— Не лезь на рожон, зарежет!

Испуганный крик вернул длинноволосому утраченную было агрессивность, он кинулся вперед, выставив перед собой нож.

Эффектней всего выпрыгнуть и ударить пяткой в лицо, но на скользком кафеле рискованно, да и неэстетично, к тому же этот болван сам облегчил задачу защиты выставленной далеко вперед рукой.

Колпаков шагнул навстречу, развернулся корпусом, уходя с линии атаки, для страховки поставил блок левой, а правой схватил запястье противника, вывернул наружу, чувствуя, как прогибаются кости, и рванул книзу, одновременно выстрелив коленом вверх, в локтевой сустав. Раздался тихий, но отчетливый хруст.

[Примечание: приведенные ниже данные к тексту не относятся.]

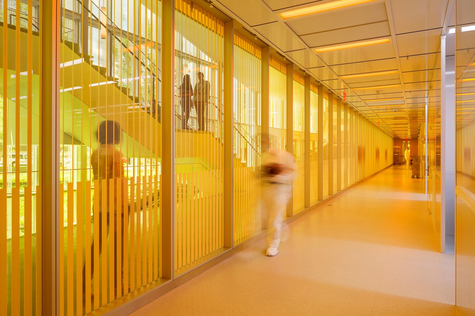 We are also aware of the material resonance of our thinking about the furnishings. At the University of Pennsylvania’s Krishna P. Singh Center for Nanotechnology, the translucency of the amber glass protects the research inside. We wanted to bring that luminosity of amber into relation with the people outside of those spaces. This polished amber resin is completely transparent on the side, and yet on its surface there is a very soft etching with a soft sand to show how one material can take on many lives.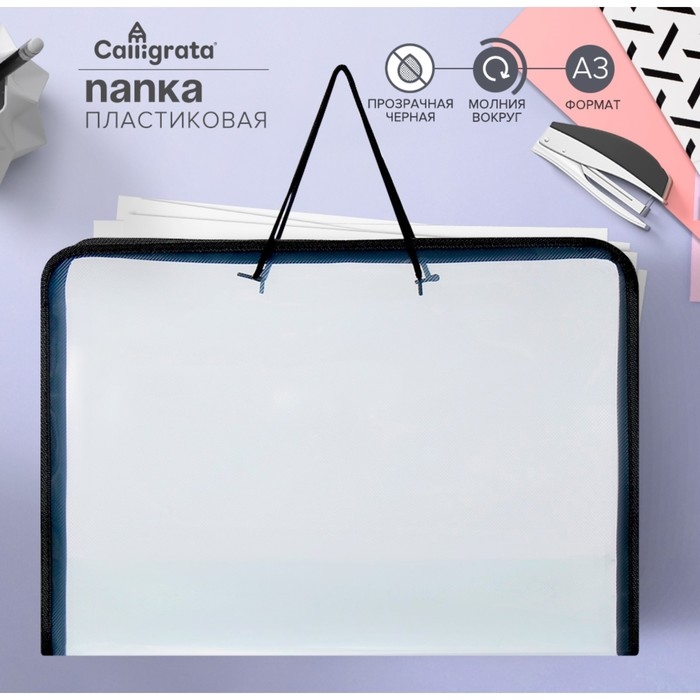 Папка для чертежей и рисунков А3, 460 х 320 х 25 мм, с ручками, пластиковая, молния вокруг, "Офис"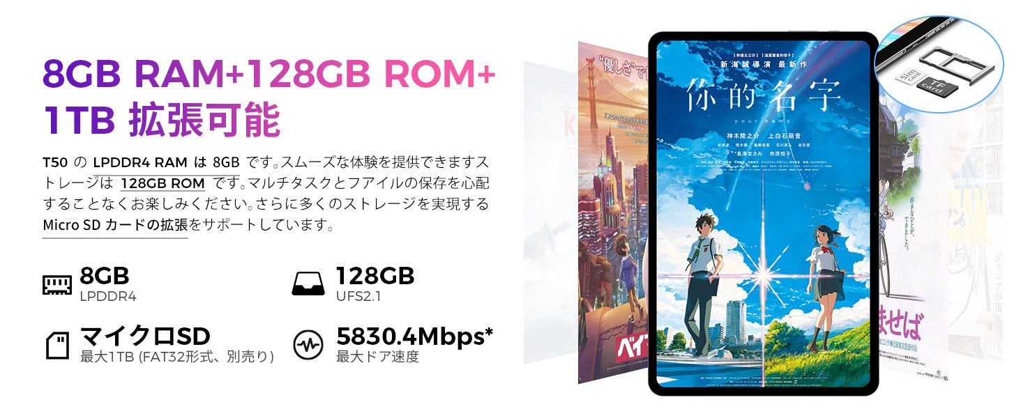 8GB LPDDR4メモリと128GB eMMC5.1のストレージで、写真、ビデオ、ドキュメントをさらに保存できます。また、マイクロSDカードスロットはストレージを最大1TBまで拡張できるため(FAT32形式、別売り)。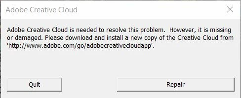 This issue first popped up yesterday. While I was working away as usual in InDesign, suddenly a little window popped up saying something like "error: creative cloud needed to fix this issue but could not be found on this computer" and I had the option to click on fix and it then proceeded to download and install creative cloud, eventhough I already had it on my laptop. Today, this happened again, twice even, throughout the day. I was never doing any specific action, I was always just working away normally in InDesign or Illustrator or Dimension. Curiously, when it happened earlier I happened to be rendering something in Dimension, but the rendering process continued in the background without any issues, while CC was supposedly installing itself again. The previous time Dimension also kept working, but I was not able to open a decal in Photoshop, while CC was "installing". It is eating up a lot of time, downloading and installing for like 30min every time. I'm at a complete loss. Any ideas?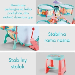 Oplev glæden ved musik med WOOPIE børnetrommesættet – et farverigt og interaktivt sæt designet til små musikere. Det er sikkert, holdbart og fyldt med funktioner, der understøtter kreativitet, koordination og udvikling. Takket være let plast er det nemt at vedligeholde og sikkert at spille på, mens livlige farver og eventyrlige motiver inviterer til leg fra første slag.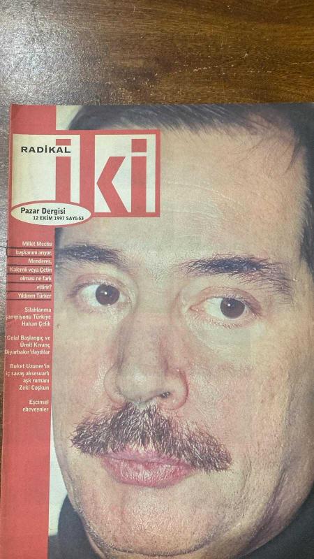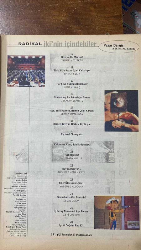 RADİKAL İKİ PAZAR DERGİSİ - 12 EKİM 1997 SAYI:53 YILDIRIM TÜRKER – HAKAN ÇELİK – ÜMİT KIVANÇ – CELAL BAŞLANGIÇ – SEMRA SOMERSAN – MUSTAFA KONUR – MEHMET KENAN KAYA – YAZGÜLÜ ALDOĞAN – SEVİN OKYAY – ZEKİ COŞKUN – BUKET UZUNER – AYDIN DOĞAN – MEHMET Y. YILMAZ – TUĞRUL ERYILMAZ – YAZGÜLÜ ALDOĞAN – ESEN KAROL – HALE ÇEVİKOĞLU – YEŞİM ÇOBANKENT – ASU MARO – NİLGÜN TOPTAŞ – ARSAL TÜZÜNER – SEDEF İPER – ENDER YAKŞİ MİLLET MECLİSİ BAŞKANINI ARIYOR – MENDERES, KALEMLİ VEYA ÇETİN OLMASI NE FARK ETTİRİR? – SİLAHLANMA ŞAMPİYONU TÜRKİYE – HER ŞEYE RAĞMEN DİYARBAKIR – İÇ SAVAŞ AKSESUARLI AŞK ROMANI – EŞCİNSEL EBEVEYNLER – BİZE NE BU MAÇTAN – TÜRK SİLAH PAZARI İŞTAH KABARTIYOR – YAPILMAMIŞ BİR RÖPORTAJIN DAVASI – SEN YEŞİL KARINCA HEMEN ÇEKİL KENARA – HERŞEYİ GİYİYOR HERKESİ GİYDİRİYOR – KULLANIMA HAZIR SATILIK ÖDEVLER – TÜRK UÇUYOR – KAYIP ARANIYOR – FİLLER ÜLKESİNİN LEZZETİ – SONBAHARDA CAZ DİNLENİR – İYİ Kİ DOĞDUN RED KİT – ÇİZGİ – SEÇMELER – MAĞARA ADAM - 32 SAYFA, AYDIN DOĞAN tarafından kaleme alınmıştır. Eser TUĞRUL ERYILMAZ editörlüğünde hazırlanmıştır. Kitap . tarafından [DOĞAN MEDYA CENTER] yayınlanmıştır. 32 sayfadır. RADİKAL İKİ PAZAR DERGİSİ - 12 EKİM 1997 SAYI:53 YILDIRIM TÜRKER – HAKAN ÇELİK – ÜMİT KIVANÇ – CELAL BAŞLANGIÇ – SEMRA SOMERSAN – MUSTAFA KONUR – MEHMET KENAN KAYA – YAZGÜLÜ ALDOĞAN – SEVİN OKYAY – ZEKİ COŞKUN – BUKET UZUNER – AYDIN DOĞAN – MEHMET Y. YILMAZ – TUĞRUL ERYILMAZ – YAZGÜLÜ ALDOĞAN – ESEN KAROL – HALE ÇEVİKOĞLU – YEŞİM ÇOBANKENT – ASU MARO – NİLGÜN TOPTAŞ – ARSAL TÜZÜNER – SEDEF İPER – ENDER YAKŞİ MİLLET MECLİSİ BAŞKANINI ARIYOR – MENDERES, KALEMLİ VEYA ÇETİN OLMASI NE FARK ETTİRİR? – SİLAHLANMA ŞAMPİYONU TÜRKİYE – HER ŞEYE RAĞMEN DİYARBAKIR – İÇ SAVAŞ AKSESUARLI AŞK ROMANI – EŞCİNSEL EBEVEYNLER – BİZE NE BU MAÇTAN – TÜRK SİLAH PAZARI İŞTAH KABARTIYOR – YAPILMAMIŞ BİR RÖPORTAJIN DAVASI – SEN YEŞİL KARINCA HEMEN ÇEKİL KENARA – HERŞEYİ GİYİYOR HERKESİ GİYDİRİYOR – KULLANIMA HAZIR SATILIK ÖDEVLER – TÜRK UÇUYOR – KAYIP ARANIYOR – FİLLER ÜLKESİNİN LEZZETİ – SONBAHARDA CAZ DİNLENİR – İYİ Kİ DOĞDUN RED KİT – ÇİZGİ – SEÇMELER – MAĞARA ADAM - 32 SAYFA adlı eser Türkçe dilindedir.
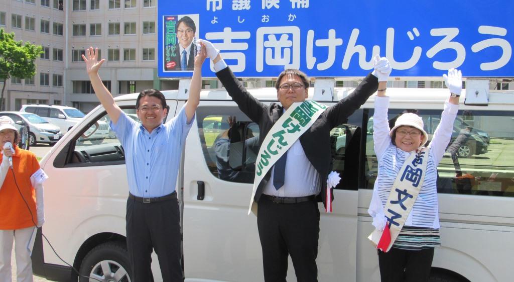 早く予算委員会を開いて、安倍首相は国会で説明責任を果たすべき。憲法については「野党は議論から逃げている」と言いながら、自分の都合の悪いことからは首相自身が逃げているのではないのでしょうか。美唄市は5期目めざす吉岡文子候補、2期目めざす吉岡けんじろう候補とで2議席維持をめざします。文子さんは、いつも明るく分け隔てなく誰とでも接する議員で、私は勝手に「美唄の太陽」と呼んでいるほど。長年訴えてきた子どもの医療費無料化が、小学校卒業時まで拡充できて、さらに広げようと懸命の訴えをされました。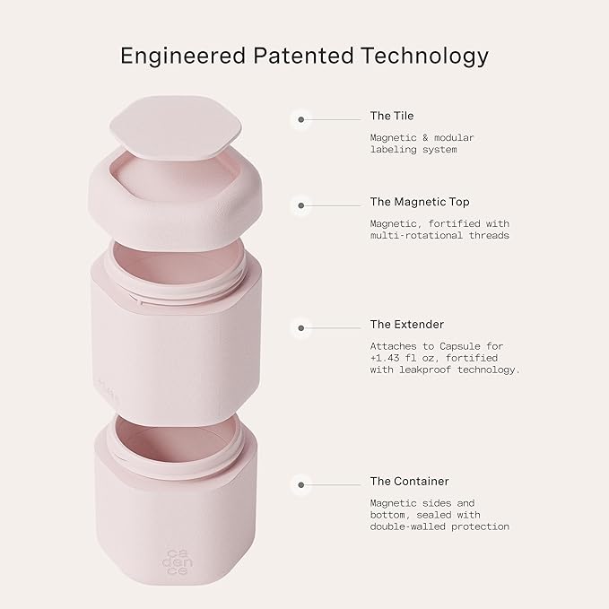 - OFFICIAL CADENCE DESIGN - Meet the Cadence Full Skincare Capsule Set, the ultimate travel essentials for women and men who want to keep skincare products neatly stored. These reusable capsules for travel toiletries comes with a labeled tile: cleanser, moisturizer, serum, toner, makeup remover, and sun icon.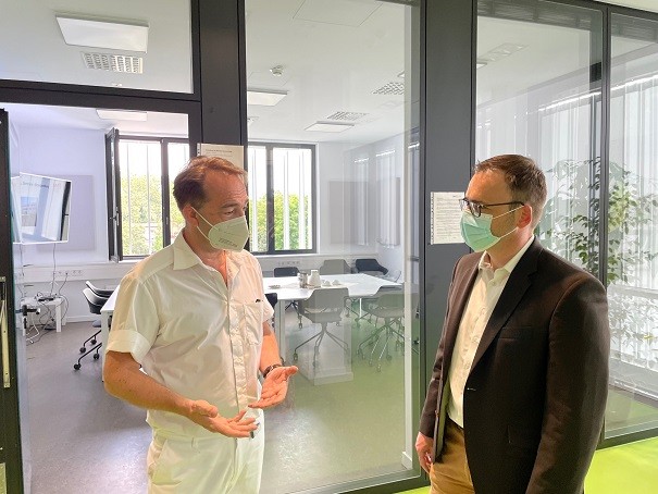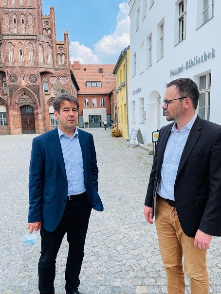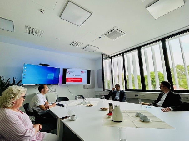 Oberbürgermeister Steffen Scheller begrüßte den CDU Landtagsfraktionschef Dr. Jan Redmann. Bei den Gesprächen mit dem MHB Hochschulkoordinator Prof. Lüth und Gabriele Wolter, Geschäftsführerin des Städtischen Klinikums Brandenburg GmbH, ging es um die MHB - Landesförderung sowie aktuelle Forschungsprojekte.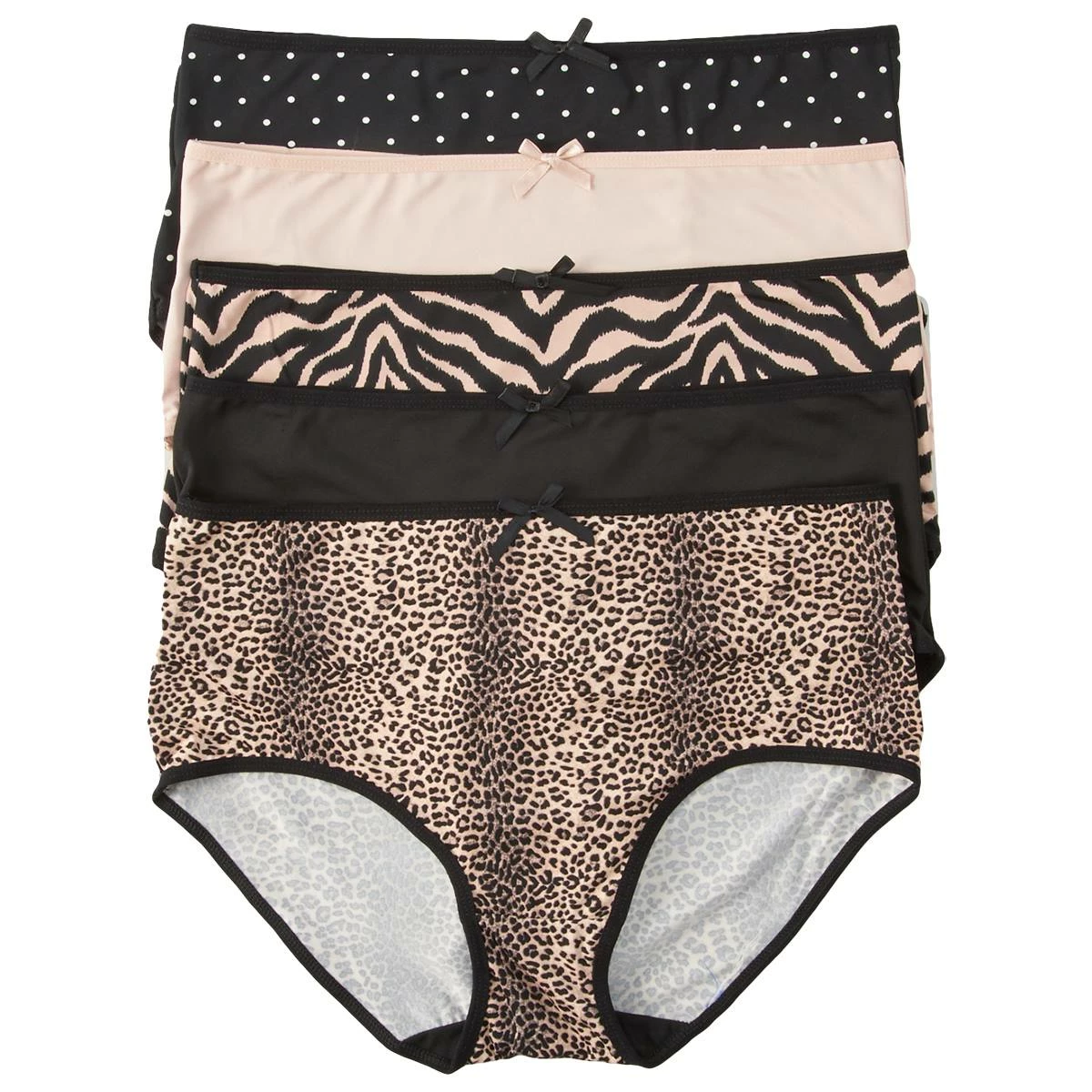 The Plus Size Delta Burke 5 pack full brief panties are a style that will drive your confidence levels. The chic design includes multiple prints with a bow detail.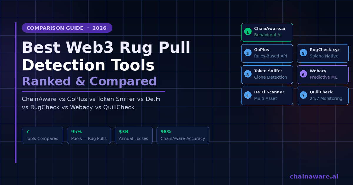 Best Web3 Rug Pull Detection Tools in 2026 — ChainAware.ai vs GoPlus Security vs Token Sniffer vs De.Fi Scanner vs RugCheck.xyz vs Webacy vs QuillCheck. Rug pulls cost investors $3 billion annually. PancakeSwap: 95% of pools end in rug pulls. Pump.fun: 99% of tokens extract money from buyers. GoPlus Q4 2024: 67,241 honeypot tokens detected. Solidus Labs: 188,000+ suspected scam tokens on ETH+BNB in 2022. Seven tools compared across two axes: detection method (contract code vs. behavioral history) and signal timing (reactive vs. predictive). ChainAware.ai: only tool analyzing behavioral Trust Score of contract creator + all LP providers — not contract code. 98% fraud accuracy, backtested on CryptoScamDB, ETH/BNB/BASE/HAQQ. Catches professional operators with clean code — the category all other tools miss. GoPlus Security: dominant rules-based contract scanner, 30+ chains, integrated into DEXScreener/Sushi/Uniswap, open permissionless API. Token Sniffer: pattern matching + contract clone detection + honeypot simulation, 0-100 risk score, strongest on copy-paste scam code. De.Fi Scanner (DeFiYield): multi-asset contract analysis across tokens + NFTs + liquidity positions, 10+ chains, PDF reports. RugCheck.xyz: Solana-native, “Solana traffic light,” insider network detection (beta). Webacy: predictive ML on Base using GBDT/XGBoost/LightGBM, Solidity code forensics + holder analytics, November 2025 CTO technical blog. QuillCheck by QuillAI: 25+ parameters, 24/7 monitoring, real-time Telegram/Twitter alerts, API for launchpads/DEX. Three-check stack: GoPlus (contract) + ChainAware (creator behavioral history) + QuillCheck (ongoing monitoring). ChainAware Prediction MCP · 18M+ Web3 Personas · chainaware.ai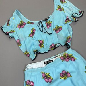 *AS-IS* AMAZING! MADE IN USA 1990S BETSEY JOHNSON SHEER ALLOVER CHERRY PRINT 2 PIECE SET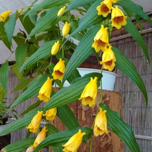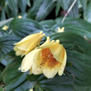 ユリ科ホトトギス属の💛キイジョウロウホトトギス💛と言うお花が咲いていました🥰💕 弓なりに伸びて垂れ下がる茎に、釣り鐘形で明るい黄色の長さ5cmほどの花が咲き、内側に赤紫色の斑点か多数あります✋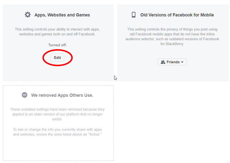 আপনি যদি আপনার ফেসবুক একাউন্টটি নিউক্লিয়ার সুরক্ষায় সুরক্ষিত রাখতে চান তাহলে যাবতীয় সকল থার্ড পার্টি অ্যাপস এবং ওয়েবসাইটগুলোকে আপনার ফেসবুক একাউন্ট দিয়ে ব্যবহার করা বন্ধ করতে পারেন। এজন্য ডেক্সটপে থাকা অবস্থায় চলে যান সেটিংস মেন্যুতে, সেখান থেকে Apss and Websites পেজে গিয়ে নিচের দিকে স্ক্রল ডাউন করে আসুন। Apps, Websites, and Games নামের একটি বক্স পাবেন। এটার নিচে দেখবেন Turned On বলা রয়েছে। এবার আপনি চিত্রে দেখানো মতো Edit বাটনে ক্লিক করুন। একটি পপ আপ আসবে

Колпаков аккуратно опустил бесчувственное тело на пол, нашел отлетевший нож. Обычный перочинный, на синей пластмассе выштамповано «Цена 1 р. 40 коп.». Клинок в тусклых мазках, воняет рыбой.

Он брезгливо бросил нож на прилавок.

— Отдадите милиции. А понадобится свидетель… — Он записал на салфетке фамилию, место работы и телефон.

— Молодец, парень! — похвалила буфетчица. И, понизив голос, предложила:

— Налить стаканчик? Я угощаю!

— Спасибо, — усмехнулся Колпаков. — Не пью.

Окруженный почтительным молчанием, он подошел к Лене. Она смотрела с интересом.

— Молодец! Я не знала, что ты такой отчаянный! Совсем не испугался!

— Нет. Испугался. Пульс подскочил до сотни. Впрочем, учитывая ситуацию, — это допустимо.

— Что с тобой? Временами у тебя делается отсутствующий взгляд и какой-то деревянный голос…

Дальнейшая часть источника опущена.